TASK OBJECTIVE – Write every line below out again, exactly as given, but leave out the pictures.

DATA EXTRACT –
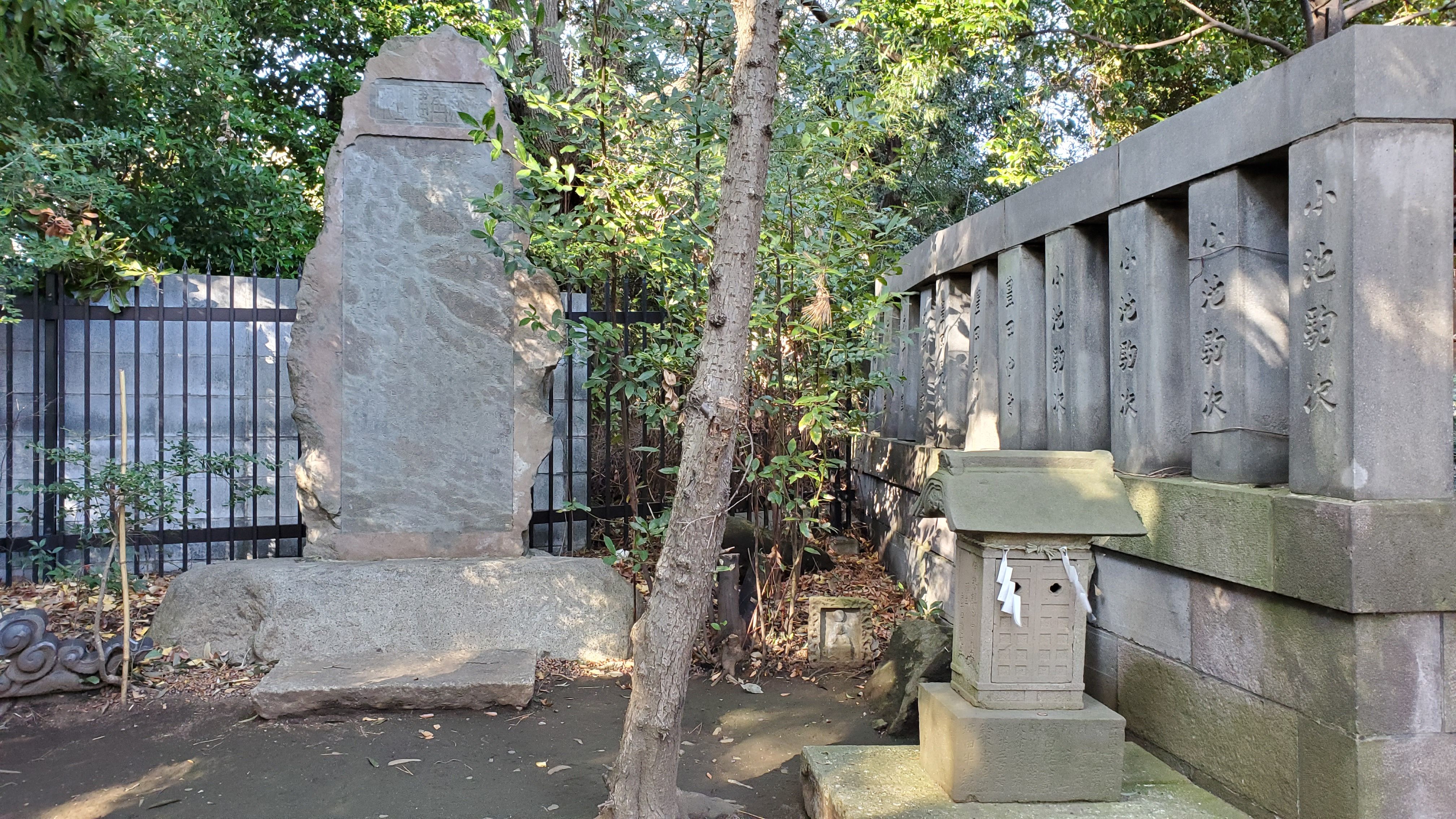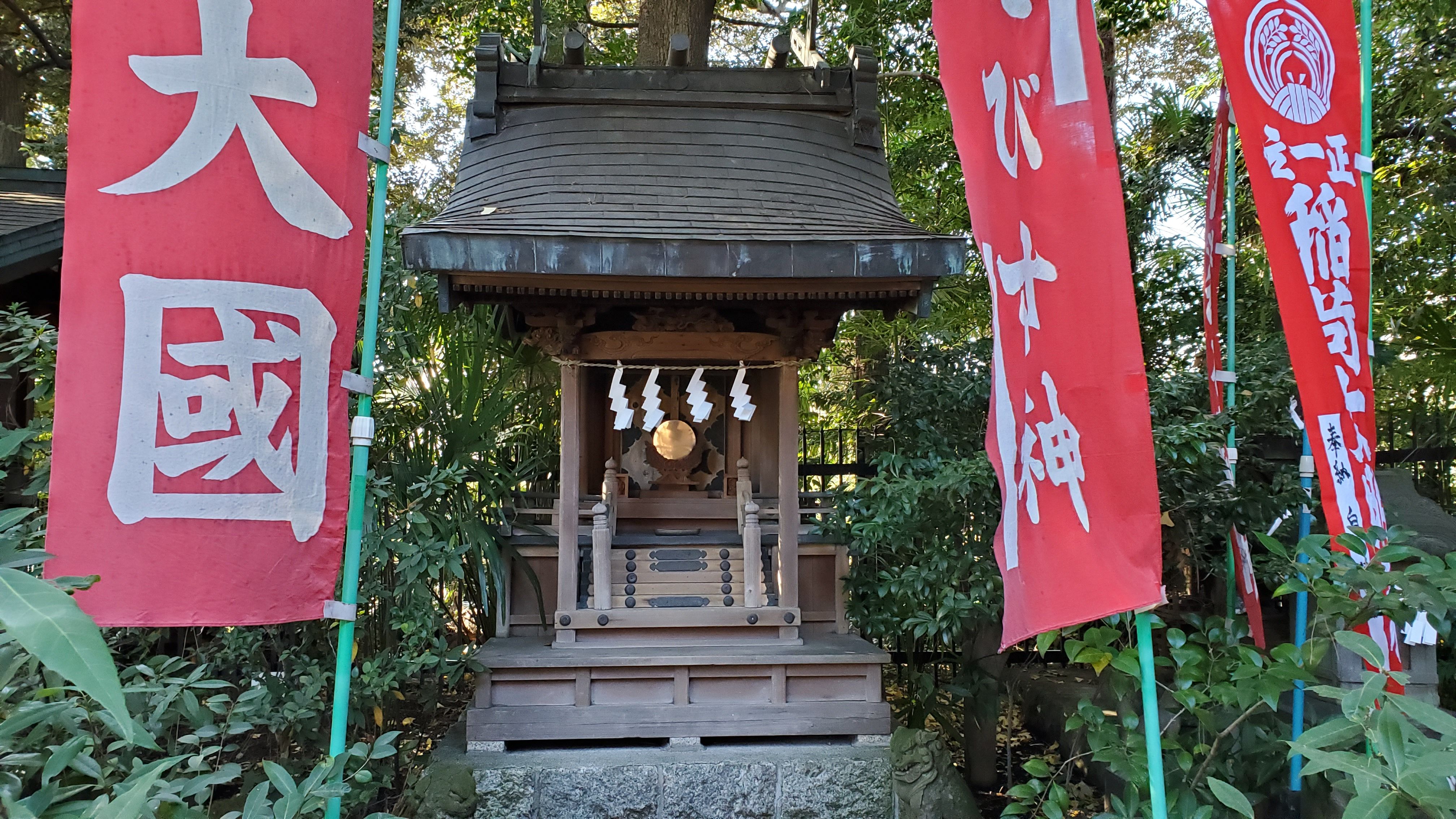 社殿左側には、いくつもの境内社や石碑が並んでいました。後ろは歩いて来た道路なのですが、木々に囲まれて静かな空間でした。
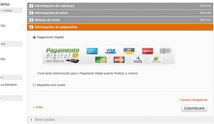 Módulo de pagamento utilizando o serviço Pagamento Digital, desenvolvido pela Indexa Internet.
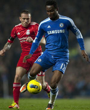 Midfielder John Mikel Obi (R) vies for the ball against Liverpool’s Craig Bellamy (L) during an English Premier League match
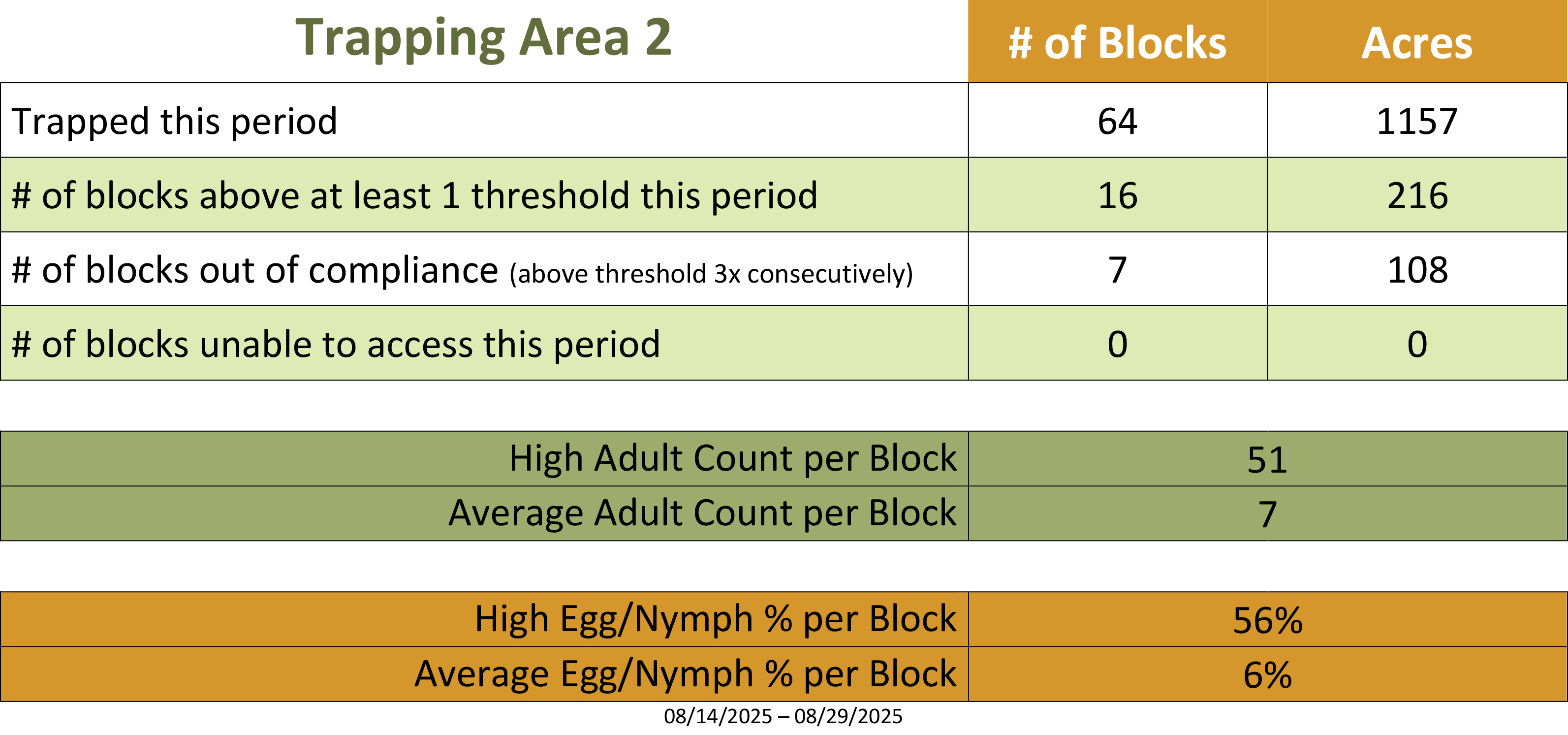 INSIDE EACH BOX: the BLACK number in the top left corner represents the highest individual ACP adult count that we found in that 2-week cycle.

WRITTEN RESPONSE –
 社殿左側には、いくつもの境内社や石碑が並んでいました。後ろは歩いて来た道路なのですが、木々に囲まれて静かな空間でした。
 Módulo de pagamento utilizando o serviço Pagamento Digital, desenvolvido pela Indexa Internet.
 Midfielder John Mikel Obi (R) vies for the ball against Liverpool’s Craig Bellamy (L) during an English Premier League match
 INSIDE EACH BOX: the BLACK number in the top left corner represents the highest individual ACP adult count that we found in that 2-week cycle.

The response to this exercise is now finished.